§ ABOUT THIS EXERCISE
Write out every line exactly, from the start of the records below to the line with "英语词汇听说读写综合记忆法英", and stop there. Don't write out the pictures.

§ AVAILABLE RECORDS
--------------------------------
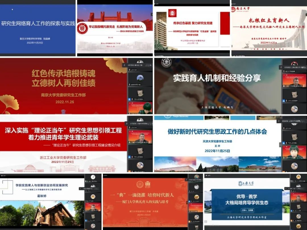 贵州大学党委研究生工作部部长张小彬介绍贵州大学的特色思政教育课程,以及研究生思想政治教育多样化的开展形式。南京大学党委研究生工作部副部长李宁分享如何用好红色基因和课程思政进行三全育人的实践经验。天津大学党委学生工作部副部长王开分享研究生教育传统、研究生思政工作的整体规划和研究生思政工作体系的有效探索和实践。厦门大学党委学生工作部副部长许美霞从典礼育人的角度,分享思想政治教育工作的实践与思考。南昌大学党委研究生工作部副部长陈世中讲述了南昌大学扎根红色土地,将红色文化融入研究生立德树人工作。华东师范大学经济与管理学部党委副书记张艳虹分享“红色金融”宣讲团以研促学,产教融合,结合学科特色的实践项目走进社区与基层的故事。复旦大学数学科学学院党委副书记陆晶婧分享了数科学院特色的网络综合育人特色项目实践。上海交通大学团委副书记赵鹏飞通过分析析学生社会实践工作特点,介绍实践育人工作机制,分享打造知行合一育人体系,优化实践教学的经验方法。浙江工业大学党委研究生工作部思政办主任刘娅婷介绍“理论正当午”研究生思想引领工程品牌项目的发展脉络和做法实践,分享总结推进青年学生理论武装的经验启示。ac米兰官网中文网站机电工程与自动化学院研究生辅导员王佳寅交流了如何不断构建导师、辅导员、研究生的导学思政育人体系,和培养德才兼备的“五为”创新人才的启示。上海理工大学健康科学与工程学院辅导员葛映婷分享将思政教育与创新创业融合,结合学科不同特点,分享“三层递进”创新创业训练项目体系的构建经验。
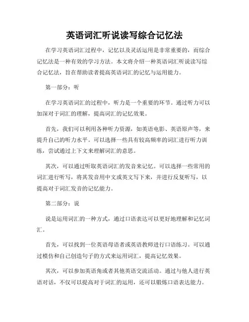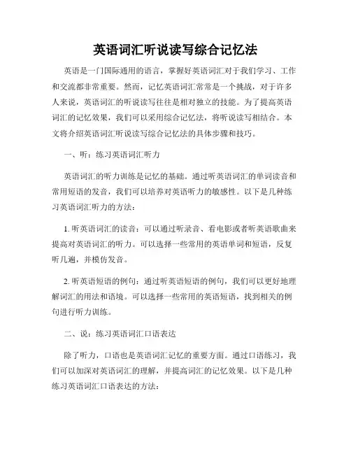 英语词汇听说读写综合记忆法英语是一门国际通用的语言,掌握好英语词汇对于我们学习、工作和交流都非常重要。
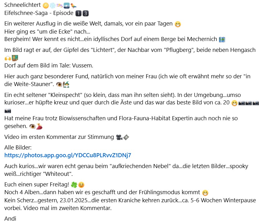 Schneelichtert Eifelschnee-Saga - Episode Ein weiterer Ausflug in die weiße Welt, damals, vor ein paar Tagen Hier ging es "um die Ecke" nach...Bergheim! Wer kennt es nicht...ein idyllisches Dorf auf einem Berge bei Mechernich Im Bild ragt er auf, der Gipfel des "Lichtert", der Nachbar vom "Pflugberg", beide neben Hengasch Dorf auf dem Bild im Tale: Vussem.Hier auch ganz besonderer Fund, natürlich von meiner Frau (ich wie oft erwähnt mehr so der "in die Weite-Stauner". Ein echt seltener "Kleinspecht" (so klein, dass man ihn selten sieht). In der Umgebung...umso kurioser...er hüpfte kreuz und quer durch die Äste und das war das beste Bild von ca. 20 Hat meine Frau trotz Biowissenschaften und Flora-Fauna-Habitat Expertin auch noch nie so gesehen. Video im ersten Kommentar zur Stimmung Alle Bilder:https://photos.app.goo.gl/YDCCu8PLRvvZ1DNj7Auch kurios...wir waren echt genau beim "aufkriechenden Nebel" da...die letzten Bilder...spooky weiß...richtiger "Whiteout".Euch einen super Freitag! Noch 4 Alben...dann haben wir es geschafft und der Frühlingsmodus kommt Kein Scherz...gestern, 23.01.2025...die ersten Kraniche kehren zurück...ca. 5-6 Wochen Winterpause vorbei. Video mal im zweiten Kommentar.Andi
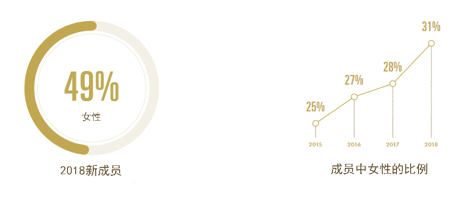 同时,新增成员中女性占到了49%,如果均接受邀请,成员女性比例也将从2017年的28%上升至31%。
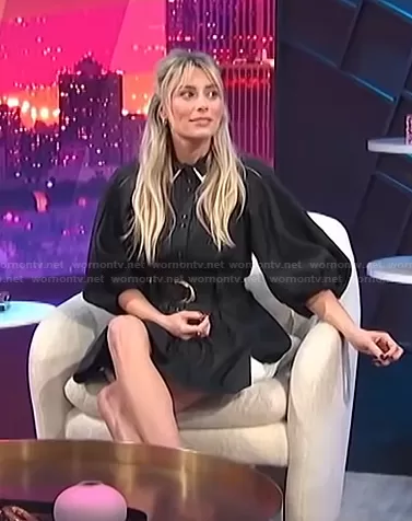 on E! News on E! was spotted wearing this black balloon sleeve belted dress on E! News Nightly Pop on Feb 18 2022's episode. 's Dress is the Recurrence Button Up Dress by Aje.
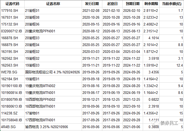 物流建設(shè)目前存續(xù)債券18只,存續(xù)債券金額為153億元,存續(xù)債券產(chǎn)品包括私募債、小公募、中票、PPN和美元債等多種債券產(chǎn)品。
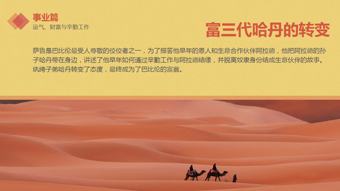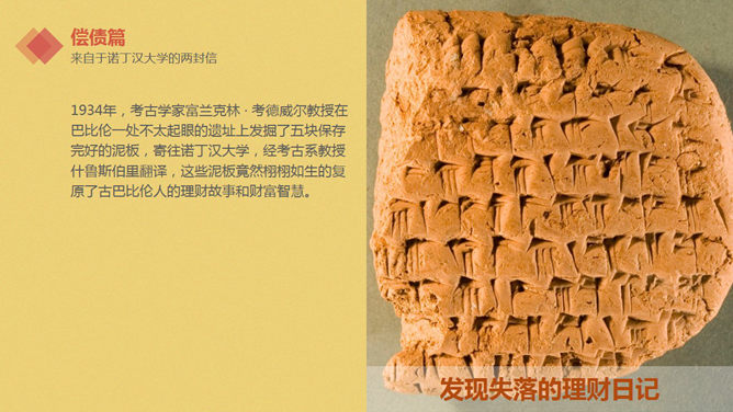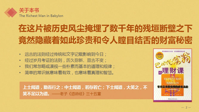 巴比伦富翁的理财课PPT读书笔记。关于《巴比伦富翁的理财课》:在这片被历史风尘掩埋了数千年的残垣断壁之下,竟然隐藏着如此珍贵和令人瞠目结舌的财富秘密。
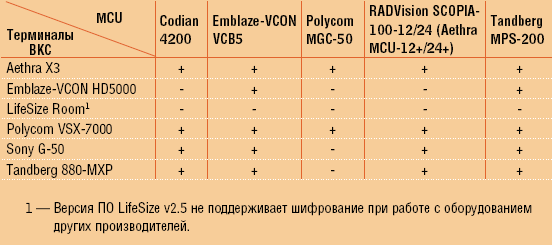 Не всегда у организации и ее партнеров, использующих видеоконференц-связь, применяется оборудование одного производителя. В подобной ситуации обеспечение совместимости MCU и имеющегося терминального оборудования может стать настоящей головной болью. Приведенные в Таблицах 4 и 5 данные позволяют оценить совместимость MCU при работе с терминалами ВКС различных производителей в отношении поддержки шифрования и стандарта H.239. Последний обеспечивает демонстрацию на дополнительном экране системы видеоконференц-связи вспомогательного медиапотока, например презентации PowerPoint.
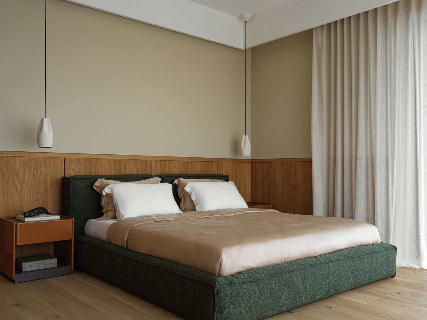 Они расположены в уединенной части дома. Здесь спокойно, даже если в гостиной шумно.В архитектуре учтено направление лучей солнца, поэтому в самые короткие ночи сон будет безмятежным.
--------------------------------
§ EXERCISE RESPONSE
 贵州大学党委研究生工作部部长张小彬介绍贵州大学的特色思政教育课程,以及研究生思想政治教育多样化的开展形式。南京大学党委研究生工作部副部长李宁分享如何用好红色基因和课程思政进行三全育人的实践经验。天津大学党委学生工作部副部长王开分享研究生教育传统、研究生思政工作的整体规划和研究生思政工作体系的有效探索和实践。厦门大学党委学生工作部副部长许美霞从典礼育人的角度,分享思想政治教育工作的实践与思考。南昌大学党委研究生工作部副部长陈世中讲述了南昌大学扎根红色土地,将红色文化融入研究生立德树人工作。华东师范大学经济与管理学部党委副书记张艳虹分享“红色金融”宣讲团以研促学,产教融合,结合学科特色的实践项目走进社区与基层的故事。复旦大学数学科学学院党委副书记陆晶婧分享了数科学院特色的网络综合育人特色项目实践。上海交通大学团委副书记赵鹏飞通过分析析学生社会实践工作特点,介绍实践育人工作机制,分享打造知行合一育人体系,优化实践教学的经验方法。浙江工业大学党委研究生工作部思政办主任刘娅婷介绍“理论正当午”研究生思想引领工程品牌项目的发展脉络和做法实践,分享总结推进青年学生理论武装的经验启示。ac米兰官网中文网站机电工程与自动化学院研究生辅导员王佳寅交流了如何不断构建导师、辅导员、研究生的导学思政育人体系,和培养德才兼备的“五为”创新人才的启示。上海理工大学健康科学与工程学院辅导员葛映婷分享将思政教育与创新创业融合,结合学科不同特点,分享“三层递进”创新创业训练项目体系的构建经验。
 英语词汇听说读写综合记忆法英语是一门国际通用的语言,掌握好英语词汇对于我们学习、工作和交流都非常重要。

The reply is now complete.